◆ DATASET SECTION ◆
---+---

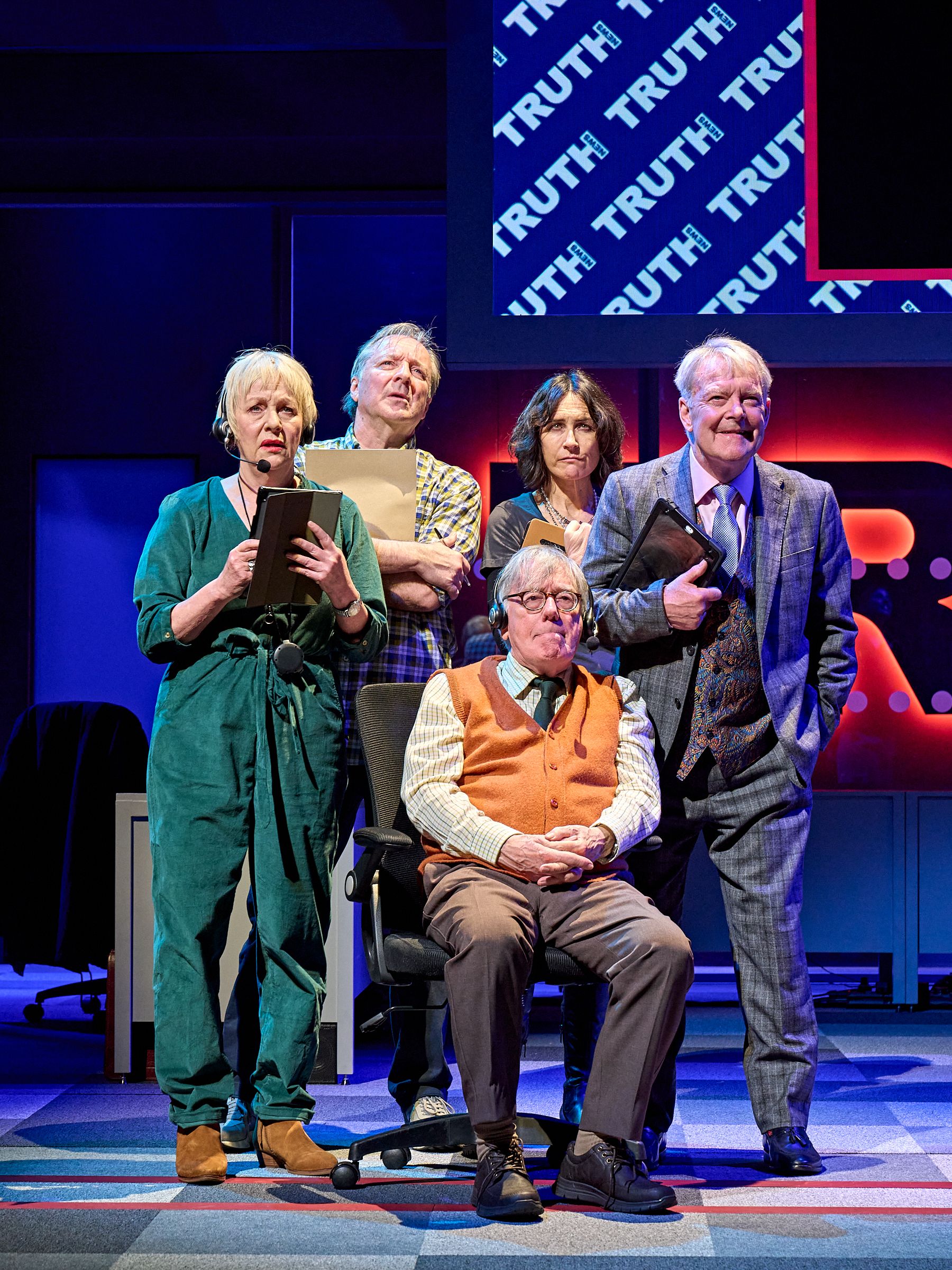 The stage is set as a newsroom with a large screen above, iPad on the desks and there is also a mini prop of gender-neutral toilets for the cast to have more intimate chats in. Times have certainly changed in the last 30 years regarding technology, inclusivity, social media and fake news. It is refreshing to see this irreverent observation brought back to life!
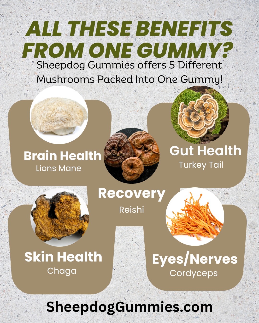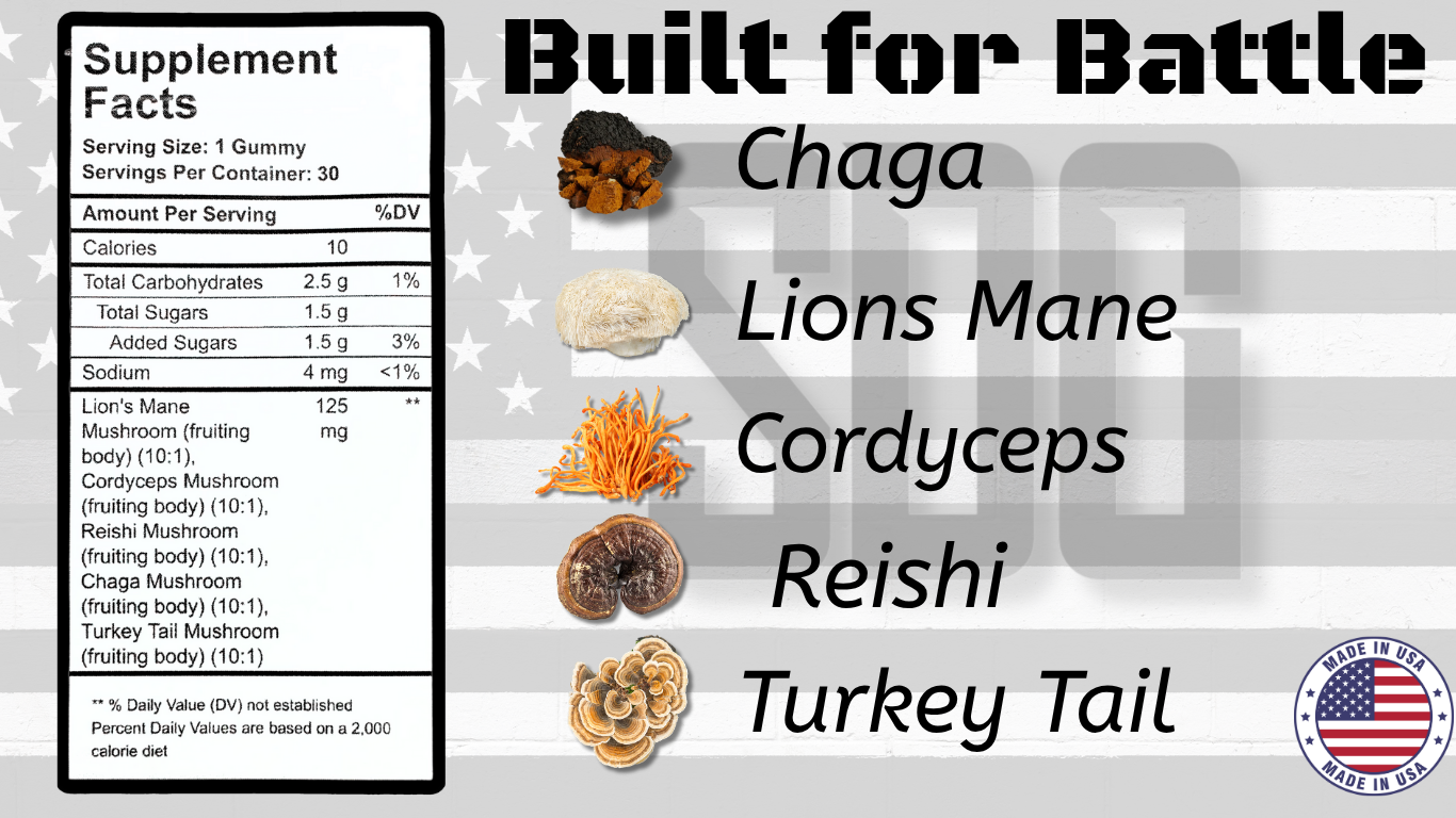 Discover the power of nature with our all-natural, vegan, non-GMO, and natural flavored gummies, featuring a potent five-mushroom blend: Lion’s Mane for focus, Chaga for resilience, Turkey Tail for immunity, Reishi for calmness, and Cordyceps for energy. Made with integrity by those who’ve served, every bite delivers pure, premium goodness—no artificial nonsense.
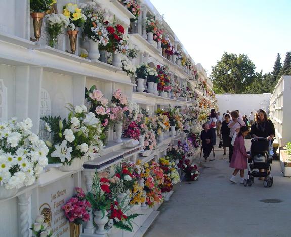 Across the whole of Spain, the 1st November is an important day. It is Día de Todos los Santos or All Saints' Day and in other Latin countries, Day of the Dead, but it isn't a macabre event in any way. It is the day when families remember loved ones who have passed away and get together in cemeteries to visit the resting places of their relatives. Many spend a few days beforehand cleaning, painting and laying fresh flowers around the niche in preparation for the special day.

---+---

◆ AIM OF THE TASK ◆
Please give the material above again in full, with no pictures in your version.

◆ RESPONSE TO THE TASK ◆
 The stage is set as a newsroom with a large screen above, iPad on the desks and there is also a mini prop of gender-neutral toilets for the cast to have more intimate chats in. Times have certainly changed in the last 30 years regarding technology, inclusivity, social media and fake news. It is refreshing to see this irreverent observation brought back to life!
 Discover the power of nature with our all-natural, vegan, non-GMO, and natural flavored gummies, featuring a potent five-mushroom blend: Lion’s Mane for focus, Chaga for resilience, Turkey Tail for immunity, Reishi for calmness, and Cordyceps for energy. Made with integrity by those who’ve served, every bite delivers pure, premium goodness—no artificial nonsense.
 Across the whole of Spain, the 1st November is an important day. It is Día de Todos los Santos or All Saints' Day and in other Latin countries, Day of the Dead, but it isn't a macabre event in any way. It is the day when families remember loved ones who have passed away and get together in cemeteries to visit the resting places of their relatives. Many spend a few days beforehand cleaning, painting and laying fresh flowers around the niche in preparation for the special day.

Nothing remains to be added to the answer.